Interface: An interface can include methods, properties, and events. Unlike a class, an interface can inherit from one or more other interfaces simultaneously.
Array: An array is a group of values of the same type. Arrays can have one or more dimensions, and their upper and lower bounds can be set more or less arbitrarily (although languages built on the CTS commonly restrict this freedom).
String: A string is just a group of Unicode characters. Strings can't be modified once they're created.
Delegate: A delegate is effectively a pointer to a method, and they're commonly used for event handling and callbacks.

To really understand the difference between value types and reference types—a fundamental distinction in the CTS—you must first understand how memory is allocated for instances of each type. In managed code, values can have their memory allocated either on the stack managed by the CLR or on a CLR-managed heap. Variables allocated on the stack are typically created when a method is called or when a running method creates them. In either case, the memory used by stack variables is automatically freed when the method in which they were created returns. Variables allocated on the heap, however, don't have their memory freed when the method that created them ends. Instead, the memory used by these variables is freed via a process called garbage collection.
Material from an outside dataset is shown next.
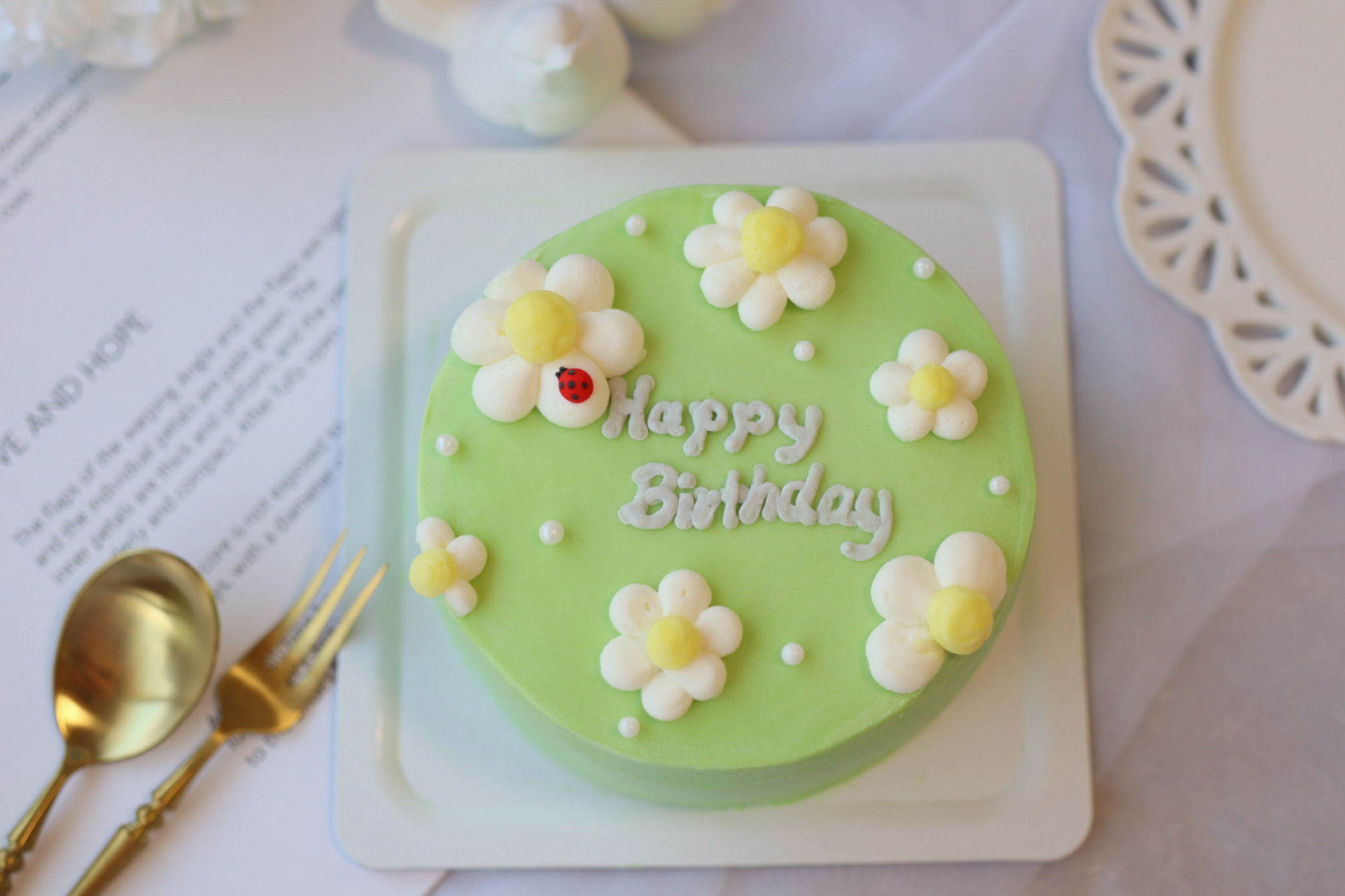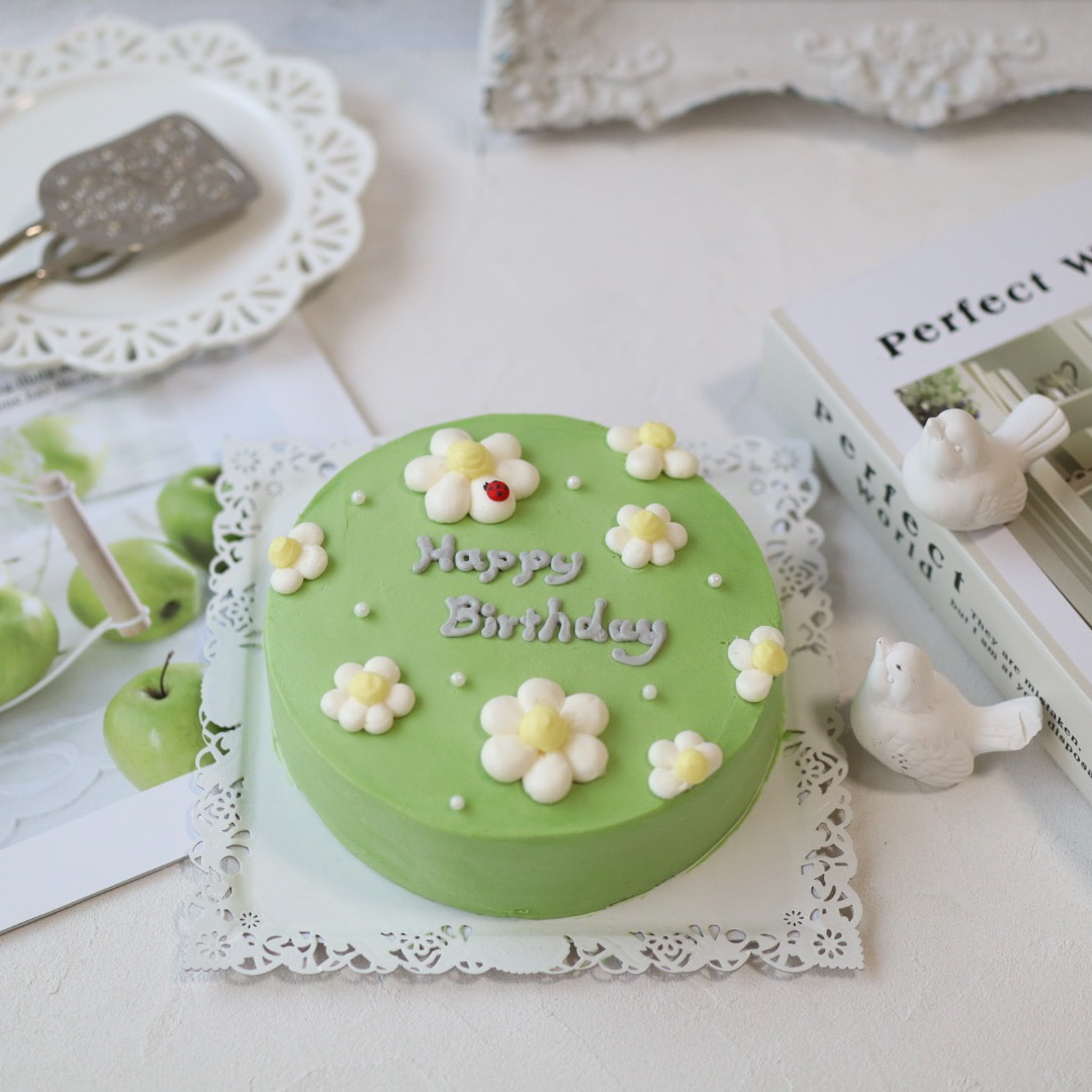4号小さいケーキシリーズ 萌黄色のお花のケーキ

A basic difference between value types and reference types is that an instance of a value type has its value allocated on the stack, while an instance of a reference type has only a reference to its actual value allocated on the stack. The value itself is allocated on the heap. Figure 2 shows an abstract picture of how this looks. In the case shown here, three instances of value types—Int16, Char, and Int32—have been created on the managed stack, while one instance of the reference type String exists on the managed heap. Note that even the reference type instance has an entry on the stack—it's a reference to the memory on the heap—but the instance's contents are stored on the heap.

Figure 2 Instances of value types are allocated on the managed stack, whereas instances of reference types are allocated on the managed heap.

There are cases when an instance of a value type needs to be treated as an instance of a reference type. For situations like this, a value type instance can be converted into a reference type instance through a process called boxing. When a value type instance is boxed, storage is allocated on the heap and the instance's value is copied into that space. A reference to this storage is placed on the stack. The boxed value is an object, a reference type that contains the contents of the value type instance. A boxed value type instance can also be converted back to its original form, a process called unboxing.

CLR-based programming languages such as C# and Visual Basic.NET construct their own type systems on top of the CTS types. Despite their different representations, however, the semantics of these types are essentially the same in typical CLR-based languages. Because of this, no matter which CLR-based language you're working in—C#, VB.NET, or something else—the CTS underlies a large part of what you're doing. As Windows development shifts more and more to .NET, the CTS will become the foundation for a growing part of the world's software.